Given data section start
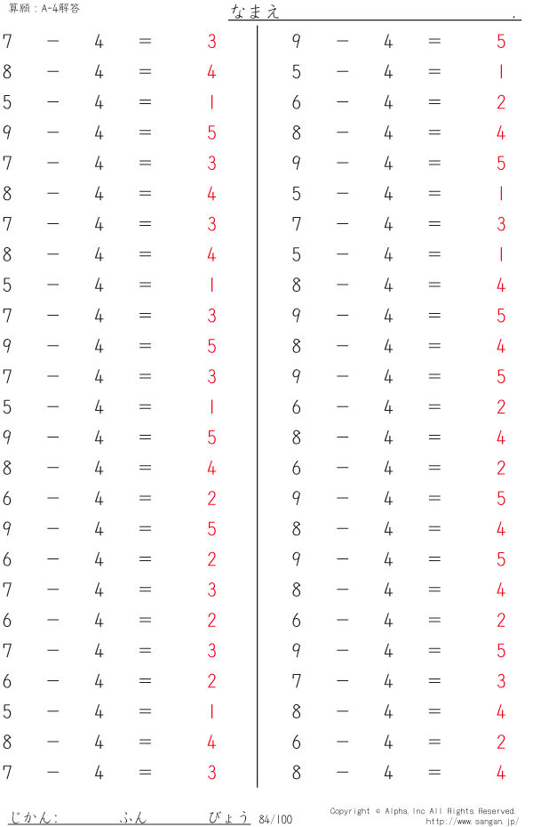 上記のボタンから「A-4」の算数数学ドリル・計算ドリル(PDFプリント)がダウンロードできます。個人利用は無料です(家庭以外での配布は有料です)。
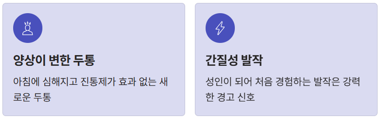 - 새로운 두통 패턴: 단순히 아픈 정도가 아니라, 아침에 심하고 양상이 변하는 뇌종양 두통에 집중해야 합니다.
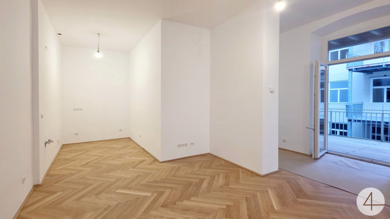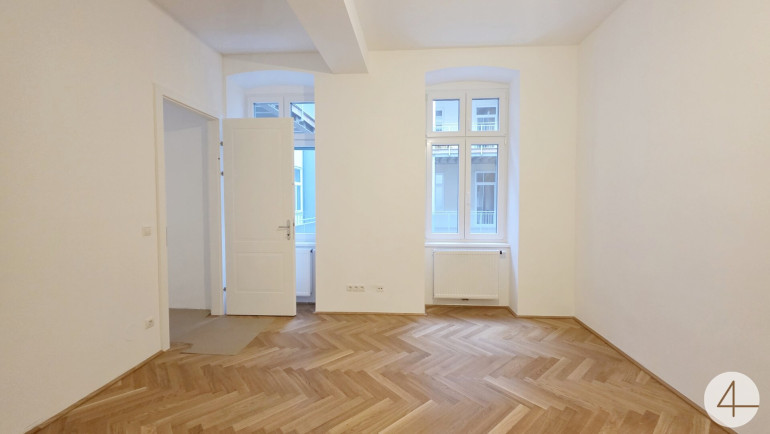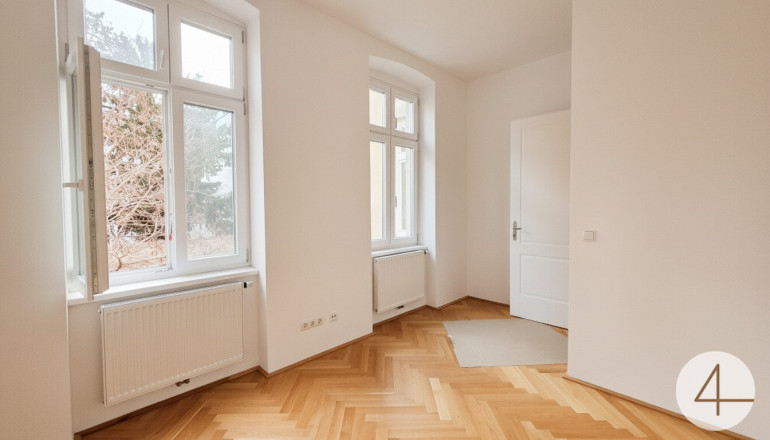 Sanierte Altbauwohnung im 1. Liftstock mit stilvollen Fischgrätböden und charmantem Altbauflair.
Given data section end
Quote verbatim the final run of lines in the material above, from the line that contains "- 새로운 두통 패턴: 단순히" through the very last line, excluding any pictures.

 - 새로운 두통 패턴: 단순히 아픈 정도가 아니라, 아침에 심하고 양상이 변하는 뇌종양 두통에 집중해야 합니다.
 Sanierte Altbauwohnung im 1. Liftstock mit stilvollen Fischgrätböden und charmantem Altbauflair.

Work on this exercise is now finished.